AlphaGo beats Ke Jie again. The match took place in Wuzhen, China. Ke Jie, the Chinese prodigy Go champion, has loss the second leg of a three legs game against against Google’s DeepMind AlphaGo artificial intelligence. The prize money for the win against Google’s DeepMind is 1.5 Million dollar. But will Ke Jie be up for the challenge?
DeepMind artificial intelligence
Deep Mind was co-founded in 2010 by Demis Hassabis and its mission, according to him is to “solve intelligence” and then use intelligence “to solve everything else”.
Demis Hassabis, former chess master, Deep Mind was bought by Google in 2014 for 625 million dollar.
It is not the fist attempt for DeepMind AlphaGo at beating a Go game champion. Last year, in Mach 2016, AlphaGo defeated Lee Sedol 5-0 in a tournament in Seoul.
For those who are not yet familiar with Go, Go is a very ancient traditional game, probably the most complex game human play. Many say Go is more complex than Chess for instance.There are more configuration in the board than there is atoms in the universe! The number of moves a player can make in Go is of the order of 10 times that in Chess.
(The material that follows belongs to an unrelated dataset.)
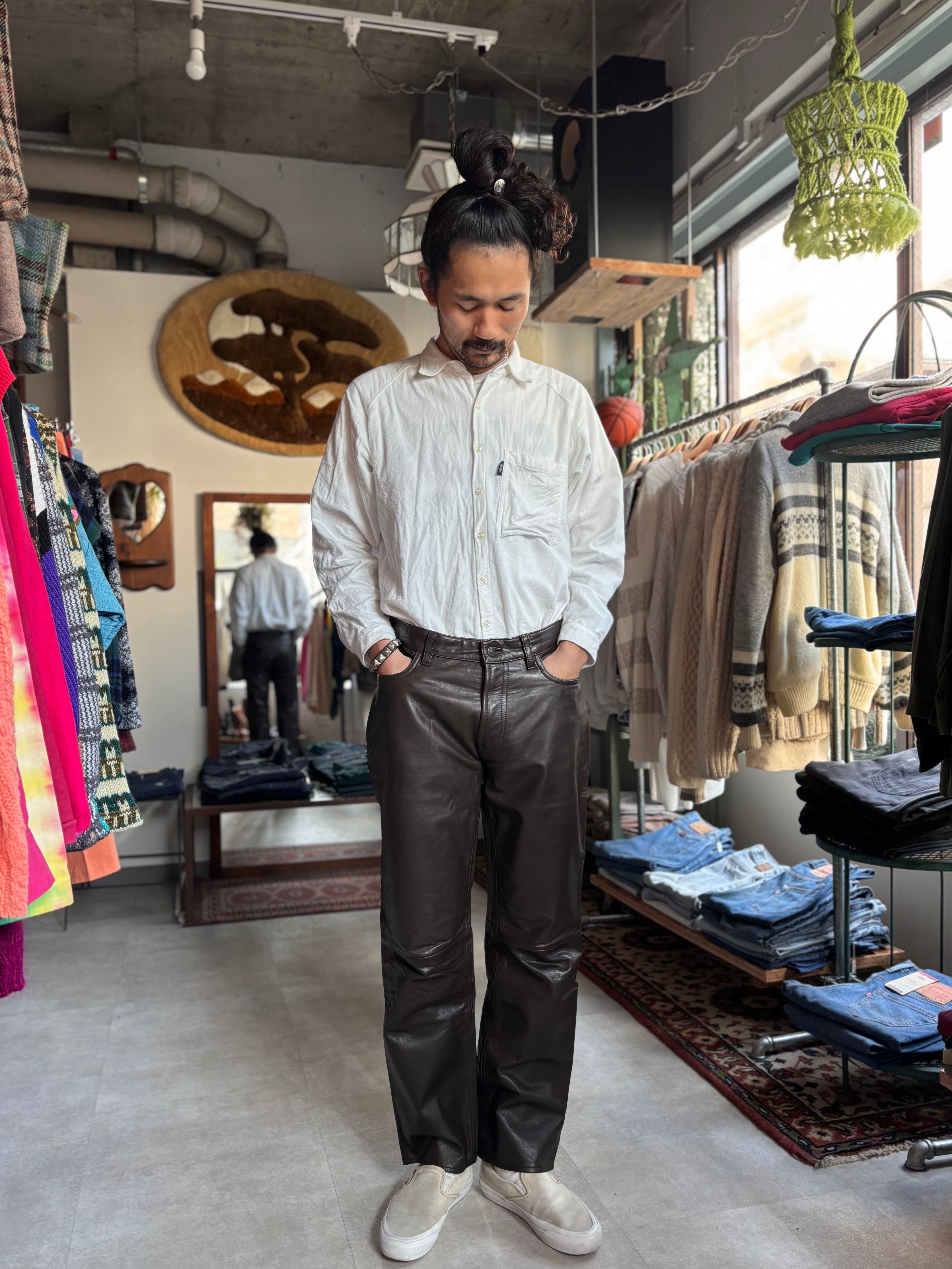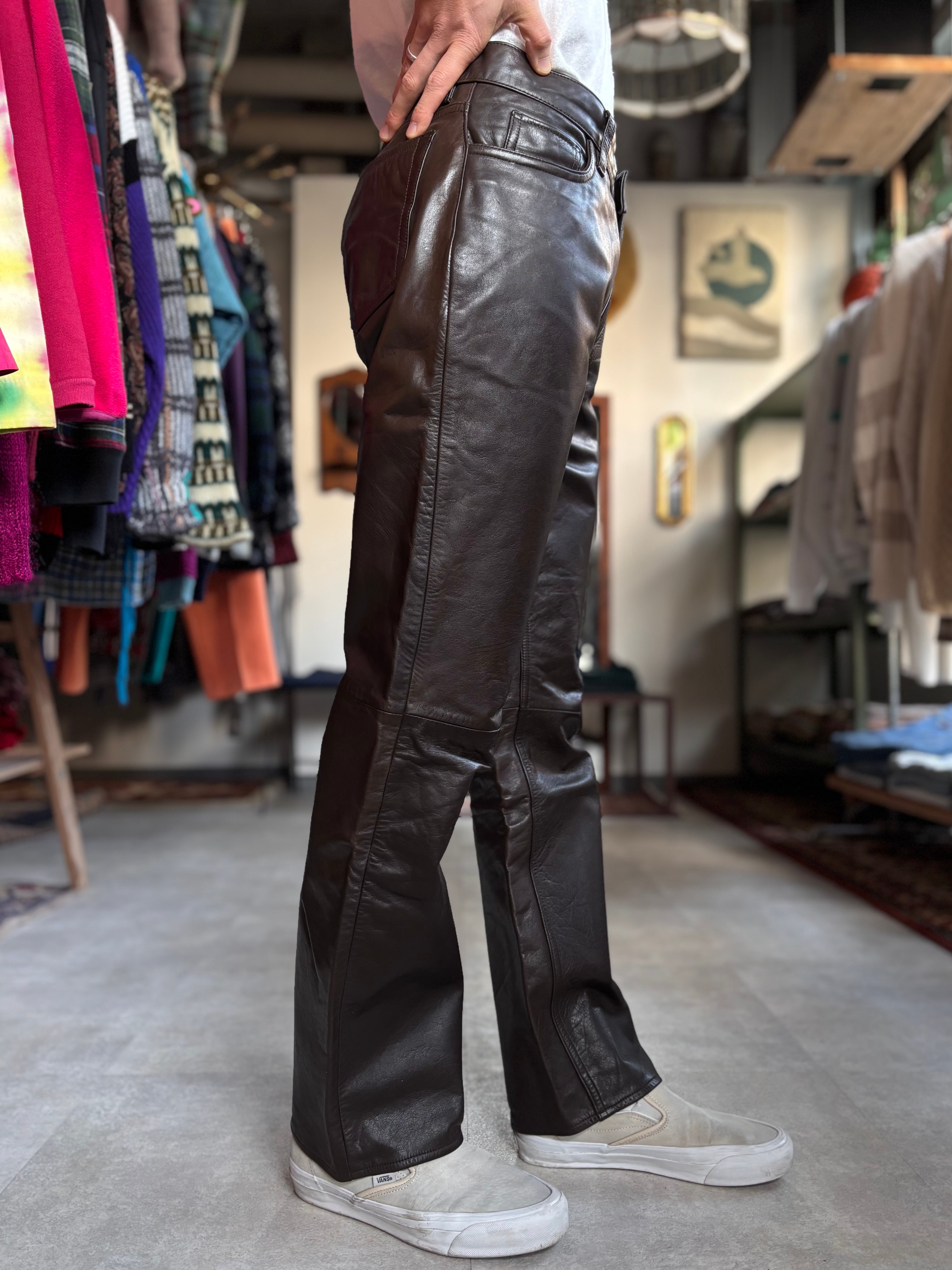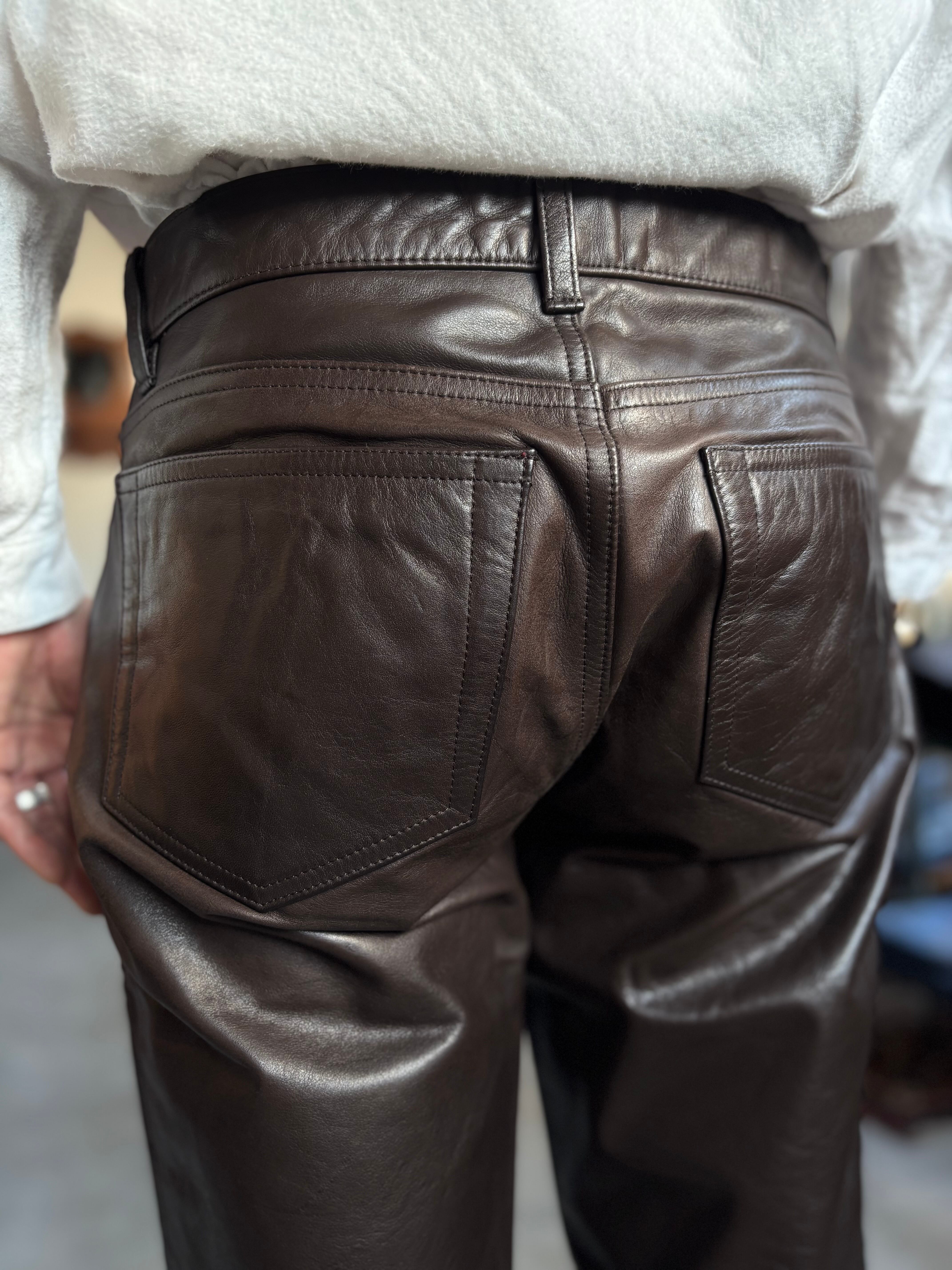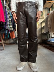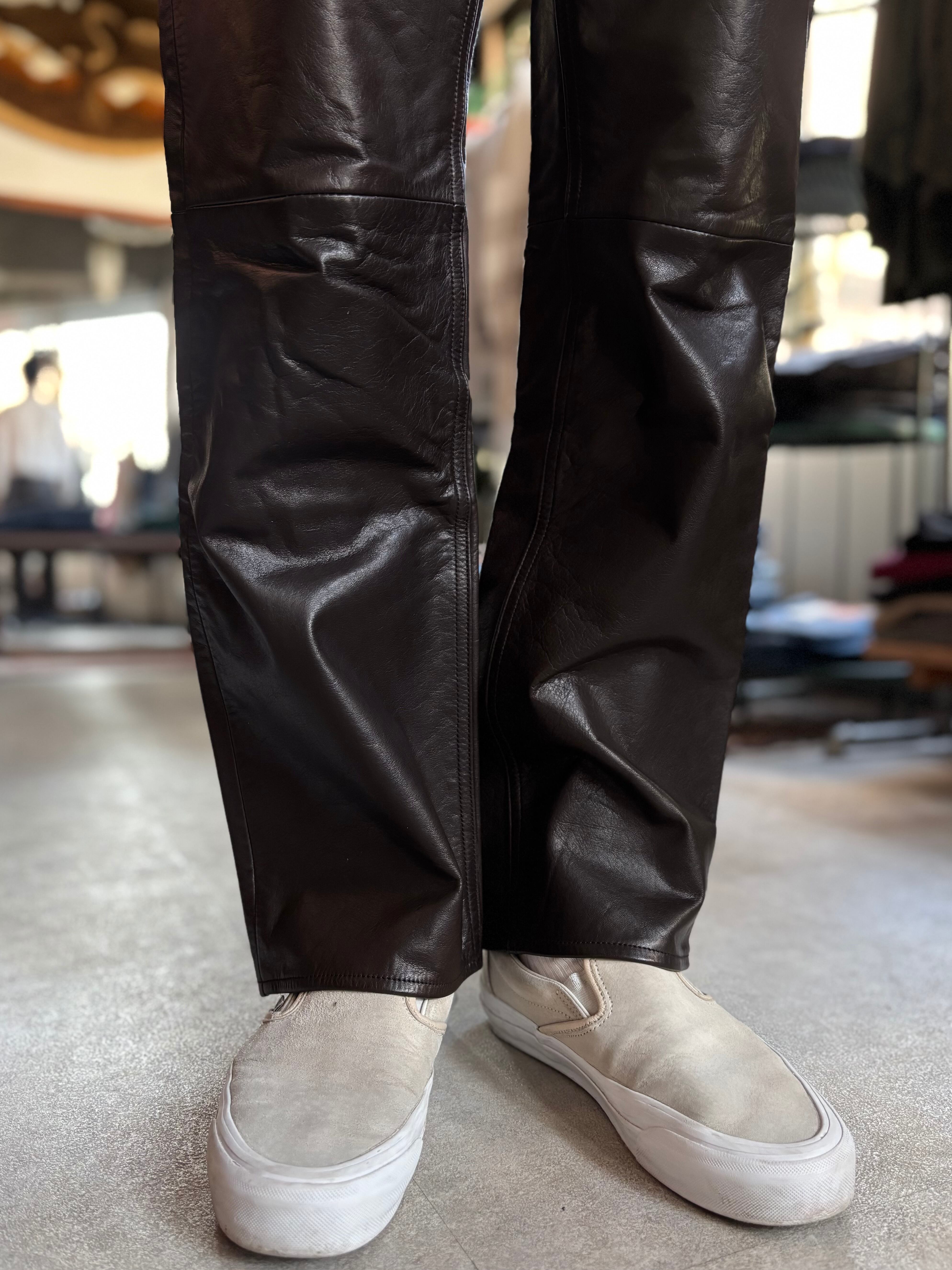 上質なブラウンレザー。中太ストレートシルエット。カジュアルに使い易いレザーパンツです。

Go is a game for two players that play on a 19 by 19 grid board. Players place in turns, either black or white stones in the board. Once the stones are on the board, they can’t move, but they can be captured by completely surrounded them. The ultimate goal of the game is to control more than 50 % of the board.
David Silver, the main programmer on the Go team in Deep Mind, explains it in the video below :
When you look at the board, there are hundreds different places where the stones can be put down, and a hundred different ay the white stones can respond to those moves, hundreds different ways black can respond in turn to whites moves. So you get this enormous search tree with hundred times, hundred times, hundreds of possibilities. In fact the search space of Go is so too enormous and too vast for a brute force approach to have any chance of succeeding.
Therefore Deep Mind team had to adopt different approach that is more human like in the way to deal with the position of the stones.
What is AlphaGo made of?
In software like DeepBlue for chess or AphaGo for Go, the key of success is to create an algorithm that examines each consecutive possible sequences of moves for each players and evaluates which player has the advantage at the end of these moves sequences. This is referred as “search tree”.
There are two different neural network algorithms in the AlphaGo software. They both work in tandem to reduce the enormous complexity of the tree search.
The policy network:
Used to select the moves. It reduces the breadth of the game, limiting the number of moves for a particular board position. The network considers by learning to chose the best promising moves for that position. In other words, it servers as a short-sighted ranking of moves in the tree search.
The value network
The value network is used to evaluate the board position. It predicts the the expected outcome and reduces the effective depth of the search by estimating how likely a given board position will lead to a win without chasing down every node of the search tree.
AlphaGo combines deep learning (learning from Go game transcript between human Go champions for instance) with tree search and reinforcement learning. Reinforcement learning is when the algorithm plays and updates its policy model continuously by learning from rewards, positive or negative, it gets after each moves.
See how AlphaGo works by checking out this research paper published by Google DeepMind team on the Nature.com website.
Many Go experts didn’t really expect AlpaGo to win against Go champion when it was first tested last year against Lee Sedol. AlphaGo did better that many expected.
What is the future of AlphaGo’s technology?
DeepMind team are hoping that will be able to use the AlphaGo technology in other areas than the Go game. They are hoping they will be able to use it along with google applications, trying to optimize the way Google interact with its users.
They are also hoping that one day, we will be able to use AI in medicine. AI could help the patients to personalized their treatment by using reinforcement learning to understand which treatments will lead the the best outcome.
But no doubts that extending what has been accomplished here with AlphaGo in the world of Go game to other areas of the real world will required a lot of work and the intervention of many human brains.